Theorem 1 (Talagrand) Let ${f:\{\pm 1\}^N\rightarrow{\mathbb R}}$. Let ${\mu}$ be the uniform measure on ${\{\pm 1\}^N}$.

$\displaystyle \begin{array}{rcl} Var_{\mu}(f)\leq C\,\sum_{i=1}^{N}\frac{|D_i f|_2^2}{1+\log(\frac{|D_i f|_2}{|D_i f|_1})}. \end{array}$

This improves on the KKL theorem. Indeed, it implies

Theorem 2 (Kahn, Kalai, Linial) Let ${f:\{\pm 1\}^N\rightarrow\{\pm 1\}}$. Then there exists ${i\in[N]}$ such that

$\displaystyle \begin{array}{rcl} Inf_i (f)\geq\frac{1}{8C}\mu(A)(1-\mu(A))\frac{\log N}{N}. \end{array}$

Indeed, for any ${p}$,

$\displaystyle \begin{array}{rcl} Inf_i (f)=\frac{1}{2}|D_i f|_p^p . \end{array}$

Today, I will prove Talagrand’s inequality in a slightly extended context.

2. Markov chains

A Markov kernel on a finite set ${X}$ is a function ${K:X\times X\rightarrow{\mathbb R}_+}$ such that ${\sum_{y\in X}K(x,y)=1}$ for all ${x}$. Say ${K}$ is reversible with respect to invariant probability measure ${\mu}$ if

$\displaystyle \begin{array}{rcl} \sum_{x\in X}K(x,y)\mu(x)=\mu(y), \end{array}$

and

$\displaystyle \begin{array}{rcl} K(x,y)\mu(x)=K(y,x)\mu(y). \end{array}$

The corresponding Dirichlet form is ${\mathcal{E}(f,g)=\frac{1}{2}\sum_{x,y\in X}(f(x)-f(y))(g(x)-g(y))}$.

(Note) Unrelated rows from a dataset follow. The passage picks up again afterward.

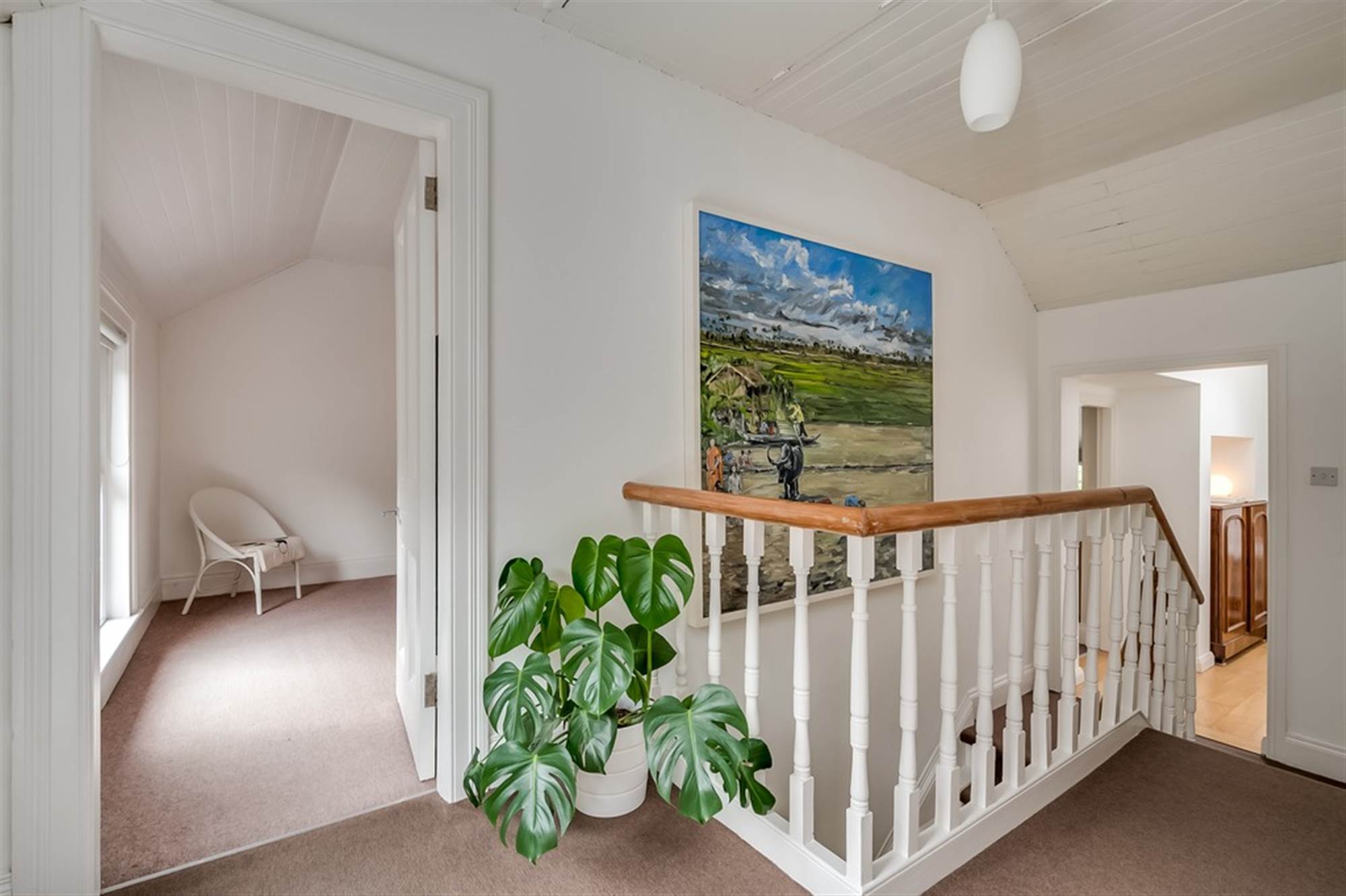 Windows with casement surrounds offering views to Forest Park and fields. Tongue and grooved timber ceilings.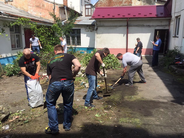 Про те, що сьогодні буде проводитись проведення території, пані Ліна повідомила на своїй сторінці в соціальній мережі Facebook, і як виявилось, охочих допомогти у цій нелегкій справі є досить багато. Так, до суботника приєднались представники влади Чернівецької міської ради, члени об’єднання «Самопоміч».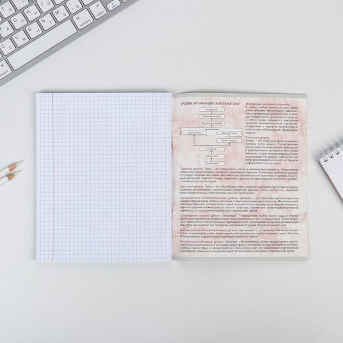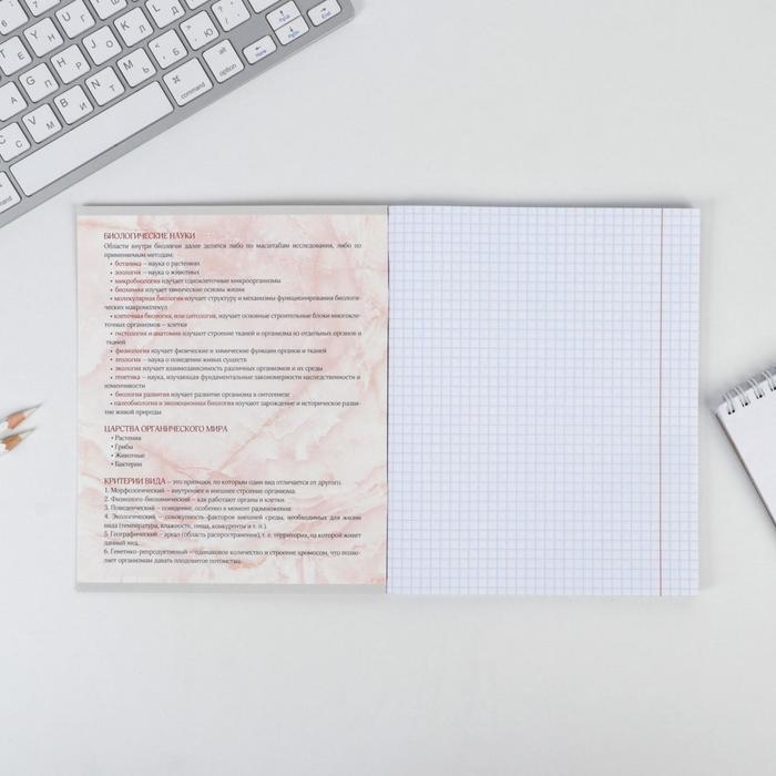 Тетрадь предметная 48 листов, А5, МРАМОР, со справ. мат. «1 сентября: Биология», обложка мелованный картон 230 гр внутренний блок в клетку белизна 96%

The spectral gap is the best constant ${\lambda}$ such that ${\lambda Var_{\mu}(f)\leq \mathcal{E}(f,f)}$.

The logarithmic Sobolev constant is the best constant ${\rho}$ in

$\displaystyle \begin{array}{rcl} \rho Ent_{\mu}(f^2)\leq 2 \mathcal{E}(f,f). \end{array}$

Here,

$\displaystyle \begin{array}{rcl} Ent_{\mu}(f^2)=\int f\log f \,d\mu -(\int f\,d\mu) \log(\int f\,d\mu). \end{array}$

It is stronger than spectral gap, ${\rho\leq\lambda}$ (with our choice of normalization).

Spectral gap is equivalent to exponential decay under heat flow.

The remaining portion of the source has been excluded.